File geodatabase in Windows networks very poor performance

KristianHerner · ‎09-14-2018

Hello,

I'll try to keep this short. I represent a large goverment organisation in Sweden. I am a GIS coordinator for the user side of the organisation and of my daily tasks is to recommend best practices, to keep performance up within the typical large organisation restraints (central SDE, network drives)

I have a benchmark script that does this:

1 - creates two file gdbs at the same location (arcpy.CreateFileGDB_management x 2)
2 - creates two empty featureclasses in one of them (arcpy.CreateFeatureclass_management x 2)
3 - exports both featureclasses with one command (arcpy.FeatureClassToGeodatabase_conversion(fcs))
4 - then exports them both again, this time one by one

When I do this on my local harddrive, i.e. my computer, it takes around 10 seconds all together to execute the script.

When I run the script on a network drive, it takes upwards of 8 to 10 minutes (!!!!!)

Where do I start? Any good resources I should read? I am not a windows network specialist and I have no idea why it is like this. Any feedback is greatly appreciated, thank you.

JonathanQuinn · ‎09-14-2018

WIndows shares will always be slower than using a local drive and your network will determine how much slower. You've already benchmarked performance, but if you want to take ArcMap/Esri products out of it, you can use Python to create/delete files on the share or IoZone, which can provide benchmarking statistics for throughput on reading/writing to directories:

Iozone Filesystem Benchmark

You'll likely need to involve the organizations IT staff.

JoshuaBixby · ‎09-14-2018

I agree with Jonathan, it is best to look at performance outside of Esri applications first. It may be that your performance bottlenecks have little to do with Esri applications, or maybe it is just the opposite.

Are you running this on a local PC or in a centralized or virtualized environment like Citrix?

KristianHerner · ‎09-17-2018

Thank you for your feedback so far.

Joshua, I am running on a physical laptop with a network connection. No Citrix or Virtual Machine.

I've hacked together a new script that creates 100 files, writes some stuff in them, reads it again, and deletes the file. Our general IT infrastructure is set up as: A centralised IT department 300 miles away that has the physical servers. They organise the networks etc.

K: - this is a DNS/DFS (?) pointer to a local server in my building. this is used to set up alias' to hide certain folders etc. Basically, so IT can better manage everyone.

J: is a direct UNC mapping to the same physical local server (that K: points to)

B: is my local harddrive.

So the script repeats the same process X times and records the overall time, as shown below. All the random filenames and paths are pregenerated.

This is my timing output:

So, it appears that the delete operation is causing a lot of time. I am asuming this has to do with permissions and network control to the files. Does this give any of you really smart people an idea of where to start my search for the underlying problem?

I have heard that the fgdb format is very "chatty" in terms of network utilization, and with the approach of ArcGIS Pro, where everything is designed to work in fgdbs, we are looking for official recommendations. But for now, I'll happily take inofficials ones!

When I run my benchmark test against the UNC mapped server, I get better performance, but still not nearly as good as I would like. These are my results from averaging out several runs last year:

JoshuaBixby · ‎09-17-2018

Although your tests are a start, the steps in your tests are not very representative of I/O patterns from ArcGIS software to a file geodatabase. That said, the results can still be used to glean some information. Looking at the results from J:, the times range from 3.4x slower (writing files) to 76.6x slower (reading files).
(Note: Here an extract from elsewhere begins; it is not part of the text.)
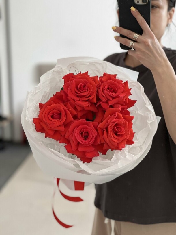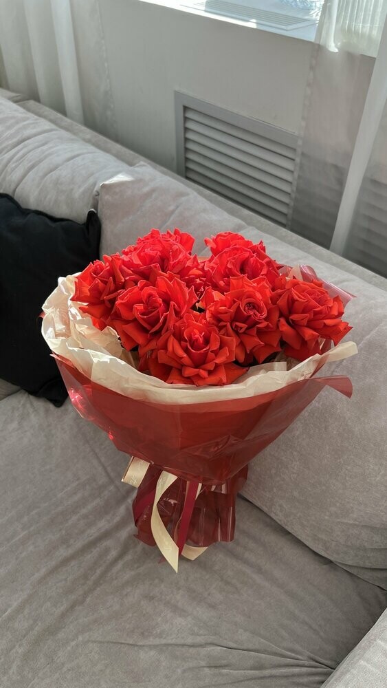 На фото, что прислал салон, букет очень даже симпатичный. Но вот по факту доставки видно, что бутоны заветренные и вялые. И один бутон отличается по цвету от остальных. То есть фото специально были сделаны так, чтобы скрыть недостатки букета. Разочарован, так как это букет на день рождение близкого человека.

The results from your ArcGIS tests show that J: is taking 15.4x longer than B:. Seeing that your ArcGIS tests will involve a mixture of creating, writing, and reading files on the file system, and those operations range from 3 to 75 times slower on J: than B:, I don't think seeing a 15x slower time to J: with your ArcGIS tests is that unexpected.

I would say that what you are seeing in ArcGIS are symptoms and not the problems themselves. Optimizing SMB/CIFS performance is very involved, and it surely is outside the bounds of GIS, i.e., your IT department should not expect you (a GIS person) to be providing them direction on optimizing SMB/CIFS performance.

If your J: drive is hosted on Windows Servers, you can start by reading Performance Tuning for SMB File Servers | Microsoft Docs

KristianHerner · ‎09-18-2018

Joshua, thank you for a very helpful response. There is no doubt that I need IT's involvement, but in all honesty, it has been hard to get them to prioritize this 'niche' problem in a 10k person organisation, when they have to deal with all day-to-day support as well. I'm trying to gather enough input from here to help narrow down their search window. And yes, the solution is definitely beyond my skillset.

I have two more questions Before I go to my IT department:

1 - for ESRI / Jonathan Quinn: Are there any official recommendations from ESRI regarding setting up a large Enterprise Environment with file share servers, central SDEs, and a multiple users spread out geographically? We are your typical run-of-the-mill government organisation, using windows servers (R2012)? Any official recommendations and documentation on "best practice" etc would be greatly appreciated.

2 - During my benchmark test, there is a clear pattern evolving:

If exporting a featureclass by itself takes time t, then exporting them as a group ((arcpy.FeatureClassToGeodatabase_conversion([fc1,fc2]) takes 3 x t

This to me sounds like that system is waiting for a lock in the file system to time out. If you have any input on what to look at more specifically (OpLocks,SMB file caches and other fancy terms I have come across..), it would be very helpful.

Thanks!

KristianHerner · ‎09-18-2018

And let me just add that the fgdb, with two featureclasses is ~150kb .. and it takes 8-10 minutes to move the data (two empty feature classes) over the network. Hence my suspicion on the network protocol and/or how fgbd are 'chatty' with their operations.

JoshuaBixby · ‎09-18-2018

I agree that 8-10 minutes for ~150 KB is excessive, even on a high-latency network connection. That said, troubleshooting issues like this takes some thorough knowledge of the GIS software, IT in general, and access to certain types of tools. Honestly, it could be something like antivirus software or some other monitoring software your organization has deployed that is hanging it up.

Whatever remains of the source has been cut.